On 24 August 1942, Muskeget departed Boston for her second weather patrol, again at Weather Station No. 2. She issued the first weather report of her patrol on 28 August and arrived on station on 31 August. After she issued a weather report on 9 September 1942, Allied forces did not see or hear from her again.

===Loss===
At 14:54 hours on 9 September 1942, the German Navy submarine U-755, operating as part of a wolfpack, sighted Muskeget emerging from a rain squall in a heavy swell about 400 nmi east of Newfoundland and misidentified her as an auxiliary merchant cruiser. U-755, commanded by Kapitänleutnant Walter Göing, fired two torpedoes, heard the sounds of Muskegets boilers exploding and bulkheads collapsing as she sank, then surfaced and found a life raft and survivors in the water, but little wreckage. U-755 departed the area, but returned a few hours later to find a large oil slick and two life rafts tied together with eight men on them. As they shouted at U-755, Göing thought he heard them say that they were from an American ship named Muskogee, Mukited, or something similar. U-755 then again departed the area.

Muskeget was due to be relieved on station by the Coast Guard weather ship USCGC Monomoy (WAG-275). Monomoy reported on 11 September 1942 that she could not contact Muskeget, and arrived at Weather Station No. 2 on 13 September 1942 to find no sign of Muskeget. When Monomoy again reported her inability to contact Muskeget on 15 September, Allied ships and aircraft were ordered to search for the missing ship. Their search, on 16 September 1942, found no sign of Muskeget, nor did Monomoy find any trace of Muskeget or her crew while operating at Weather Station No. 2 continuously until 22 September 1942.

When Muskeget was overdue in returning to Boston later in September 1942, she was presumed lost with her entire complement of nine officers, 107 enlisted men, one United States Public Health Service officer, and four civilian United States Weather Bureau meteorologists. Monomoy concluded her weather patrol on 1 October 1942 and, upon arrival at Boston on 12 October, reported 20 to 35 German submarines operating within striking range of the weather station, shadowing the two or more Allied convoys which passed each day through the area in which Weather Station No. 2 was located.

No bodies were ever recovered, and Muskegets wreck was never found. On 10 September 1943, the U.S. Navy and U.S. Coast Guard officially declared all on board Muskeget to have been killed in action, and on 26 October 1943 she was struck from the Navy List.

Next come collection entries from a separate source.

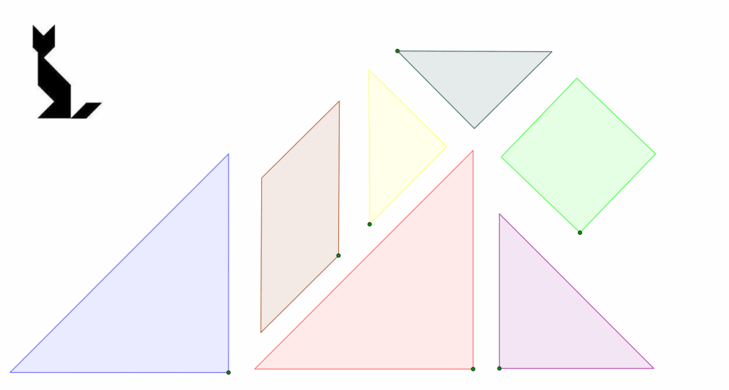 W razie pojawiających się problemów ze zbudowaniem poszczególnych elementów gry odpowiednich rozmiarów, możemy zaproponować uczniom konstrukcję szkicu – wzorca układanki. Postępujemy analogicznie jak na lekcji, na której uczniowie wykonują tangram z kartonu (zobacz również), podając serię poleceń do wykonania w GeoGebrze
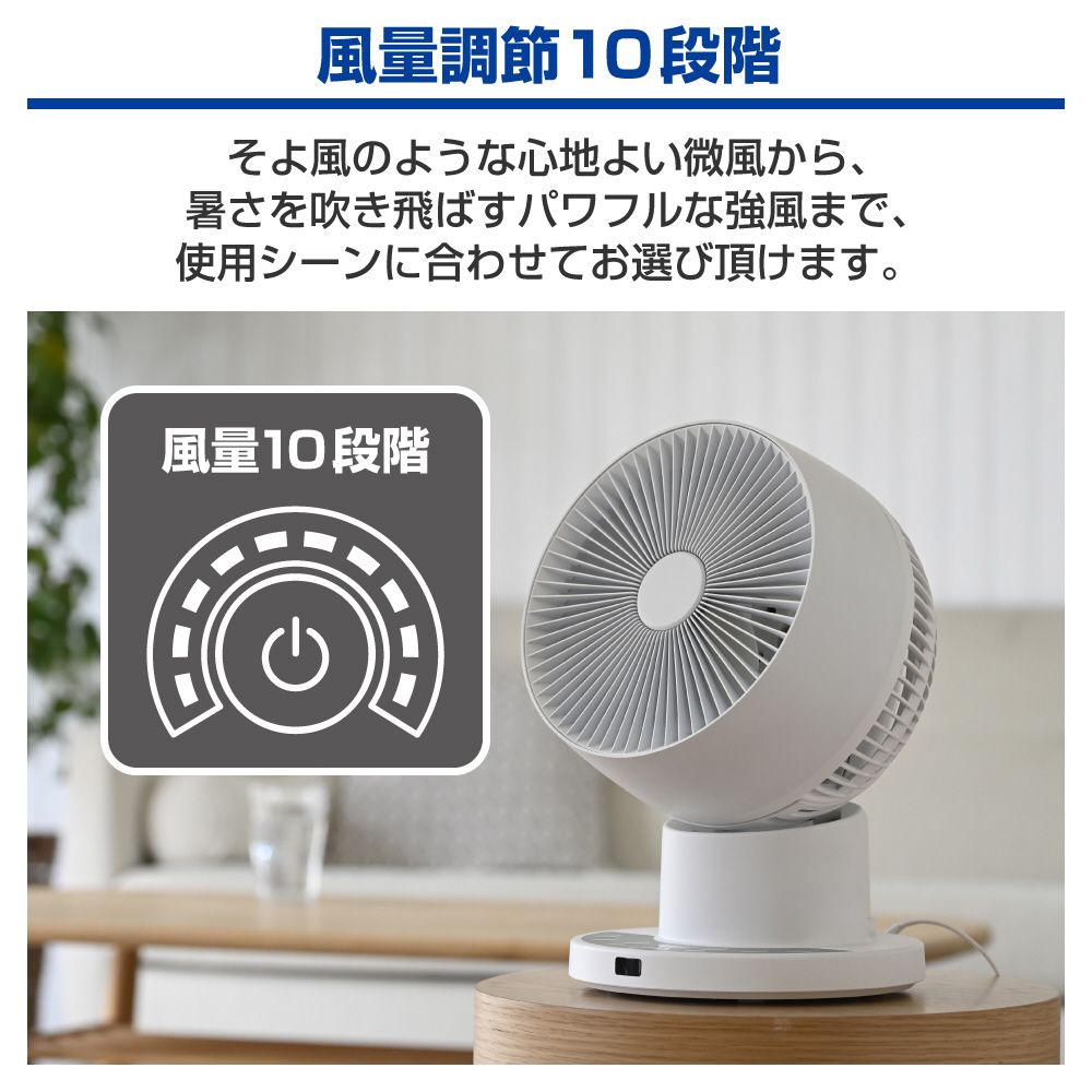 風量調節10段階。そよ風のような心地よい微風から、暑さを吹き飛ばすパワフルな強風まで、使用シーンに合わせてお選び頂けます。
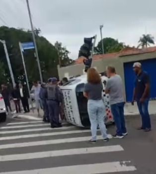 VIATURA DA PM CAPOTA NO IPIRANGA DURANTE PERSEGUIÇÃO A ASSALTANTES DE CARGA
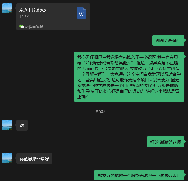 Today, after careful reflection, I realized I had fallen into a misconception. I had been fixated on “how to treat or help others.” But this approach is fundamentally flawed—it might even hinder others. Instead, we should focus on “how to design spaces for understanding” where people can discover themselves and learn practical skills. This might be a better direction for this project, as I believe psychology should be a journey of self-exploration. External forces serve only as guides and catalysts; the true core lies in one’s own intrinsic motivation. Is this perspective correct?
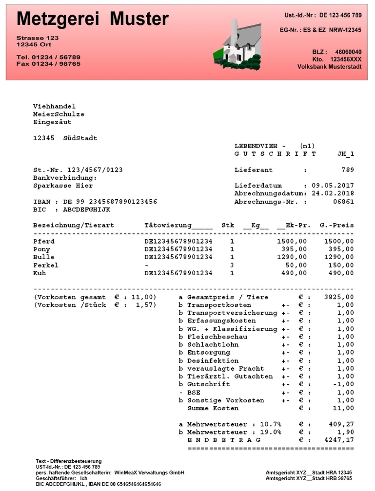 - Schlachtviehabrechnung

Only later did it become known that U-755 had sunk her.

Muskeget was the only U.S. weather ship lost during World War II.

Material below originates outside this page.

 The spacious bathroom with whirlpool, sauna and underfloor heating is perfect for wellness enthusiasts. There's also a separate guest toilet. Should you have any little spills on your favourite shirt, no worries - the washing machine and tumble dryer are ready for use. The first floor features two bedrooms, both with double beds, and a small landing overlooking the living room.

==Belated Purple Heart for meteorologists==

Although the other personnel lost with Muskeget all received a posthumous award of the Purple Heart, the four civilian Weather Bureau meteorologists – Luther H. Brady, Lester S. Fodor, George F. Kubach, and Edward Weber – did not. In ca. 2012, researchers from the U.S. Coast Guard and the National Oceanic and Atmospheric Administration – which oversees the U.S. National Weather Service, the successor organization to the Weather Bureau – detected the oversight and the circumstances of their deaths, which occurred at a time when civilians killed in action qualified for the Purple Heart. The four men received the Purple Heart posthumously in a ceremony at the Naval Heritage Center auditorium at the United States Navy Memorial in Washington, D.C., on 19 November 2015.

==Commemoration==

American Legion Post 2543 in Plattsmouth, Nebraska, is named for Fireman First Class Harold Wolever, Jr., a Coast Guardsman who died in the sinking of Muskeget.